One of the key episodes that illustrates CEFC’s Biden connection involved a planned investment in the Monkey Island natural gas terminal. In this deal, Hunter Biden and his partners worked to secure CEFC’s investment in Monkey Island and would provide CEFC with a jumping off point for the rest of the Gulf of Mexico. Hunter Biden’s Chinese assistant, JiaQi Bao, explained this in an email to the younger Biden, which was obtained from his abandoned laptop archive.

“Through you and Uncle Jim's connection, with Monkey Island/Magnolia/Project ABC as a starting point / talking point, we can check out a lot of all other interesting Louisiana/Taxes/Gulf of Mexico U. S. projects,” JiaQi Bao told Hunter.

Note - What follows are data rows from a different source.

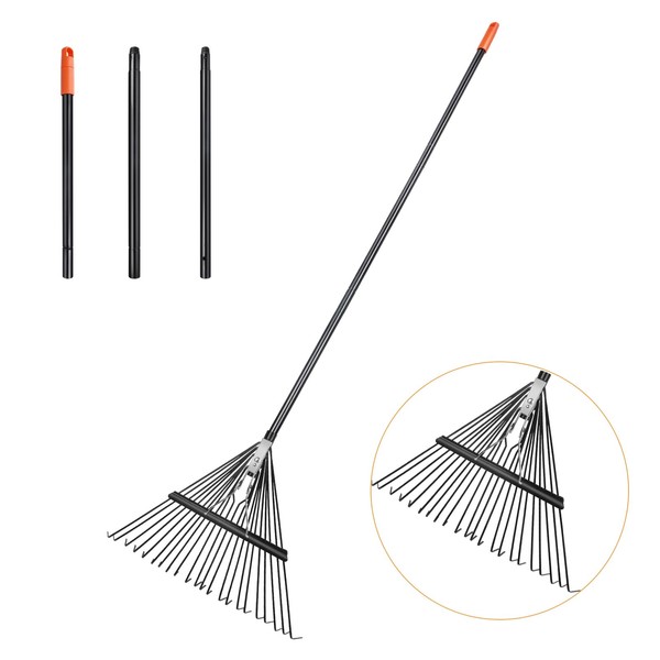 Daxguard Daxguard High-Carbon Steel Gardening Leaf Rake, Suitable for Raking Leaves and Lawn Tidying,Adjustable Split Long Handle33-67, 22tines 22.8" Wide,Garden rake and thatch rake Suitable for Adults
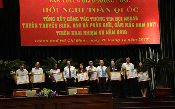 Dịp này, Ban Tuyên giáo Trung ương trao tặng bằng khen cho 20 tập thể và 14 cá nhân đạt thành tích xuất sắc trong công tác thông tin đối ngoại, tuyên truyền biển, đảo, phân giới, cắm mốc và quản lý biên giới trên đất liền năm 2017.
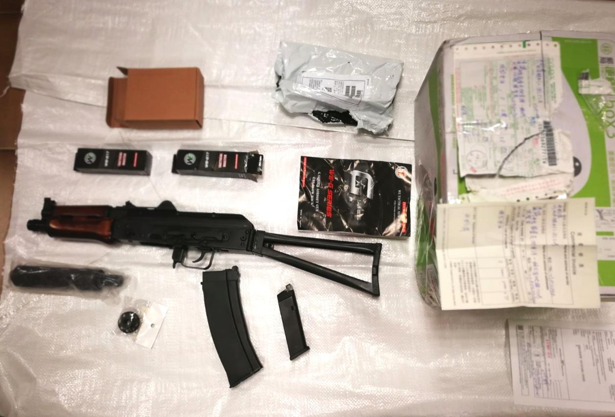 本月8日,澳门海关协助邮电局,透过X光机检查一个来自台湾经澳门国际机场进口之邮包,发现内有疑似枪械物品,随即加派关员驻守邮电局,待物主提取邮包时进行检查。同日,一名男子到邮电局提取上述邮包,经检查证实为一支气体操作的金属长枪,该男子声称枪械是在网上订购,由台湾邮寄回澳,约值澳门币二千元,作为收藏之用。经鉴定,有关枪械为一支仿真气体金属长枪,由于有关货物进口本澳须具备有权限当局发出之进口准照,当事人未具备报关文件而输入上述物品,属违反第7/2003号法律之规定,一经定罪,可被科处澳门币5千元至10万元的罚款,而有关物品将被充公。
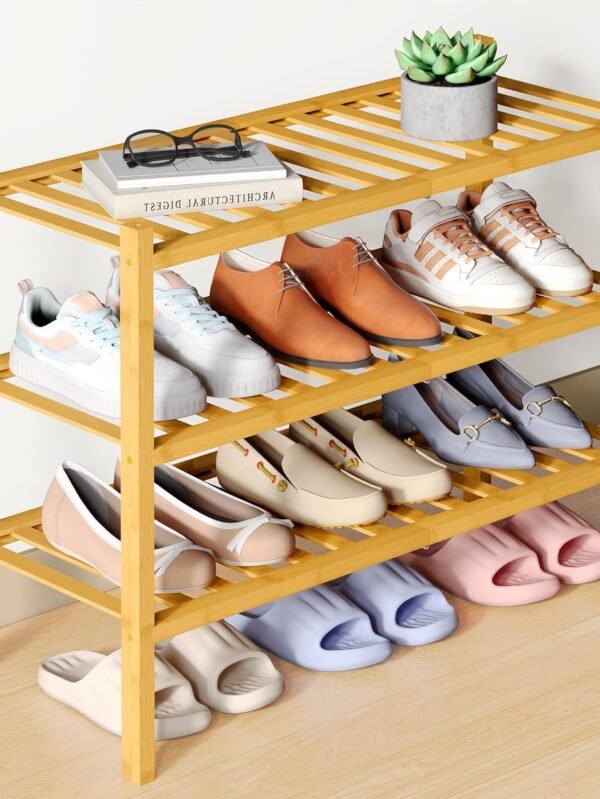Bamboo Shoe Rack for Closet, 3 Tier Wooden Stackable Shoe Organizer, Free Standing Shoes Storage Shelf for Entryway, Front Door Entrance, Natural
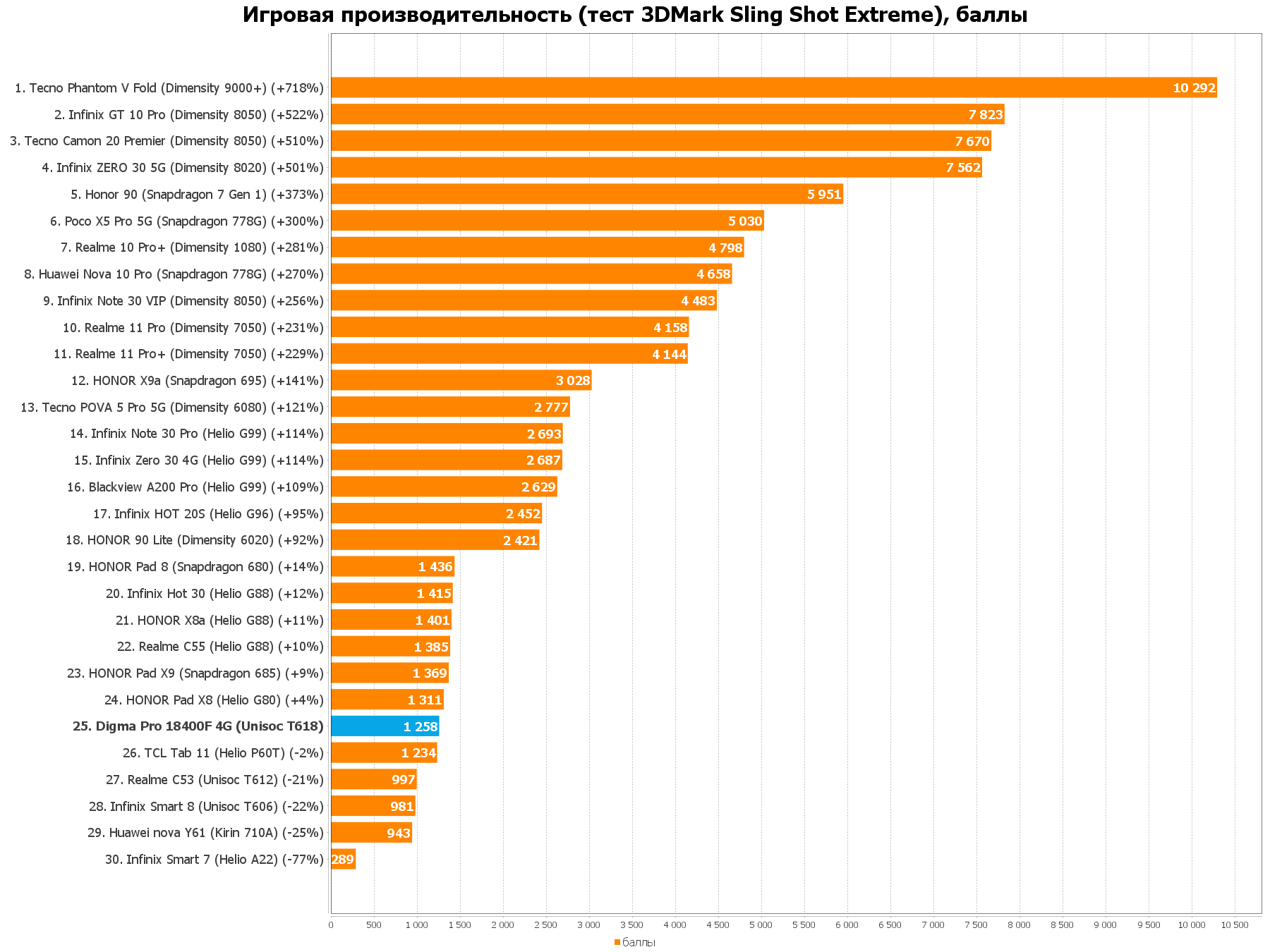 За производительность в планшете отвечает уже хорошо известный по бюджетным смартфонам чип Unisoc Tiger T618, изготовленный по техпроцессу 12 нанометров и «вмещающий» в себя 8 ядер (2х2.0 ГГц Cortex-A75, 4х1.8 ГГц Cortex-A55) и графику Mali-G52. В нашем «общем зачёте» (напомню, что мы сравниваем девайс со всеми ранее обозреваемыми устройствами) Digma Pro 18400F плетётся где-то ближе к концу, что и не удивительно, ведь в смартфонах его устанавливают в модели в ценовой категории от 8 до 12 тысяч рублей.

“You are the best person to help your friend Ye to do that, because you know a lot of folks in the area and you have the access to decision-makers / helpful local folks with insight about the region,” she continued.

You can read that email below:

The fall of Ye Jianming & CEFC

Ye’s empire began to collapse in November of 2017 when Chi Ping “Patrick” Ho, one of his key deputies, was arrested by federal law enforcement and charged in the United States.

In November 2017, Ho was arrested in the United States for violating the Foreign Corrupt Practices Act and money laundering laws in a bribery scheme at the United Nations in the New York. Ho was convicted in a scheme to pay off African government officials for favorable treatment to CEFC on energy projects in their home countries. Ho operated through a think-tank affiliated with Ye’s CEFC while attempting to secure the benefits for the main company.

Hunter was paid a $1 million fee to legally represent Ho in his bribery trial and helped to secure legal representation for his Chinese client despite never representing Ho in the trial itself. Ho was convicted, served his 36 month sentence and was deported to Hong Kong.

Shortly after Ho’s arrest in the United States, Ye Jianming would disappear in China under mysterious circumstances. He was reportedly under investigation by the Chinese government. His name subsequently appeared in graft trials of senior Chinese Communist Party officials, according to Reuters, indicating that Ye may have been under scrutiny for financial crimes or corruption.

The Monkey Island deal was never consummated, likely a result of the collapse of his business entities, and CEFC was taken over by a Shanghai government entity. The funds to Hudson West III dried up after Ye’s disappearance and Hunter Biden’s foreign business deals wound down as his father prepared his run for President in 2019. Ye's whereabouts and legal status are still unknown. Reuters and The South China Morning Post reported that CEFC Chairman Ye Jianming had been investigated for suspected economic crimes.

Hunter Biden’s attorney did not respond to a request for comment from Just the News by the time of publication.

Hunter Biden’s payments from and work with CEFC and its enigmatic founder, Ye Jianming, will likely continue to be at the center of the House Oversight Committee’s investigation into President Biden and his family, especially because many key details remain unknown.

“We’ve revealed how Joe Biden received checks from his family that were funded by the Bidens’ influence peddling schemes – with China no less,” Chairman James Comer of the House Oversight Committee said in his press release, announcing Hunter Biden’s payments to his father after receiving money from CEFC.

“The House Oversight Committee continues to investigate Joe Biden’s involvement in his family’s domestic and international business schemes at a rapid pace,” he continued. “We will continue to uncover the facts and provide transparency about the findings of our investigation.”